Примечательно, что на частый в сочинениях Жуковского того времени образ полночного стража обратил внимание князь Вяземский, не одобрявший мистических исканий своего друга. Хорошо известно, что в 1819 году Вяземский критически отзывался о каких-то «бутошниках» Жуковского, способных «надолго удалить то время, в которое желудки наши смогут варить смелую и резкую пищу немцев» ( ОА:1,274). Под этими «бутошниками» В. И. Сайтов предложил понимать балладу «Двенадцать спящих дев», «заимствованную из плохого немецкого романа Шписа», и предположил, что слово «бутошники» находится в связи со скандальной пародией Елистрата Фитюлькина (В. А. Проташинского) «Двенадцать спящих бутошников», опубликованной в 1832 году ( Там же:616) [69] .
69
Заметим, что в том же 1832 году в Большом театре состоялась премьера оперы А. Н. Верстовского «Вадим, или Пробуждение двенадцати спящих дев» (в написании либретто по мотивам баллады Жуковского участвовали С. П. Шевырев, С. Т. Аксаков, М. Н. Загоскин и А. А. Шаховский). Значительным успехом у современников пользовались ария Сторожевойдевы «Идет, идет обетованный» и хор сторожевых дев в финале. Либретто оперы, доводившее до абсурда романтико-мистические темы Жуковского, было признано критиками того времени откровенно неудачным и не раз подвергалось переделкам (см., в частности, типо-литографию «Вадим, или Пробуждение двенадцати спящих дев». Фантастическая опера в двух действиях и трех картинах. Переделка А. П. Морозова. СПб., 1898).

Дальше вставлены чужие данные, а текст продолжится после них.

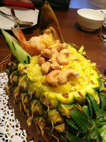 【Location】岭南天地里面靠近建新路那边,看岭南天地里面的地图,位置也不难找。 【Service】环境比较小清新,不过在岭南天地这样的旅游景区就是要有亮点才能吸引人进去嘛。服务员态度也并不错的,点菜热情介绍耐心解释。店面不大,人比较多,需要等位。但是这个泰国菜的价格还是有点小贵。 【Food】*咖喱*咖喱是泰国菜的一道常见菜式啦,不同的店做的也不一样,有些店会适应中国人口味进行改良,而有的则最大限度地保留泰国原味,这家的咖喱还是不错的,也比较正宗。咖喱配白饭我觉得真的好棒。*无骨凤爪*是这家特色,也多人点,里面真的完全没有骨头,吃起了每一口都是肉啊。这个菠萝饭忘记了叫啥来着,是不是很吸引呢?腰果脆脆的,配上菠萝的酸甜,很开胃。
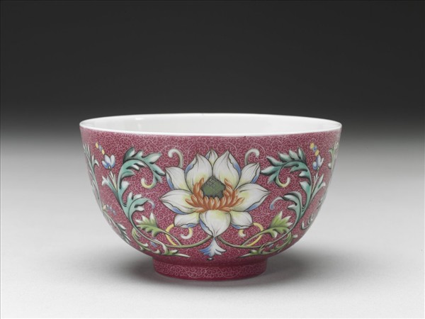 洋彩紅錦地番蓮紋杯
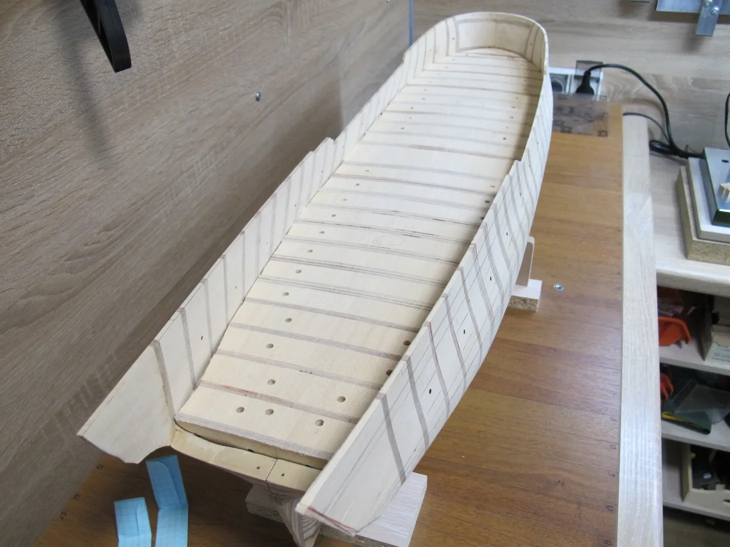 Еще думаю, надо до склейке корпуса сделать внутреннюю обшивку и ее гвоздевание. Так явно удобнее.

Но почему балладу Жуковского Вяземский назвал именно «бутошниками»? Возможно, потому, что девы, сменяющие друг друга в полночь на стенах замка, напомнили ему ночных караульных. Однако такая ассоциация могла возникнуть, как кажется, только под непосредственным влиянием других произведений Жуковского о сторожах-«бутошниках», бодрствующих в полночь (в 1818 году в книжках «F"ur Wenige» были напечатаны «Деревенский сторож» и «Тленность» [70] — произведения, критически оцененные арзамасцами) [71] . К этому «полнощному циклу», как представляется, Вяземский «приписал» и «старинную повесть» «Двенадцать спящих дев» — историю о пробуждении дев героем-избавителем, пришедшим в ночи.
70
Обе эти идиллии были написаны в октябре1816 года, то есть в тот же месяц, когда Жуковский завершал работу над «Вадимом».
71
Шутка Вяземского между тем не столь безобидна: бутошник — это не только сторож, но и «городовой страж, полицейский нижний чин, живущий в городовой полицейской будке» ( Даль: I, 136). Бодрствующие сторожа, предсказывавшие в сочинениях «пробужденных» авторов наступление «утра Европы», в реальной европейской политике превращались в полицейских стражей — охранителей монархических режимов Священного союза.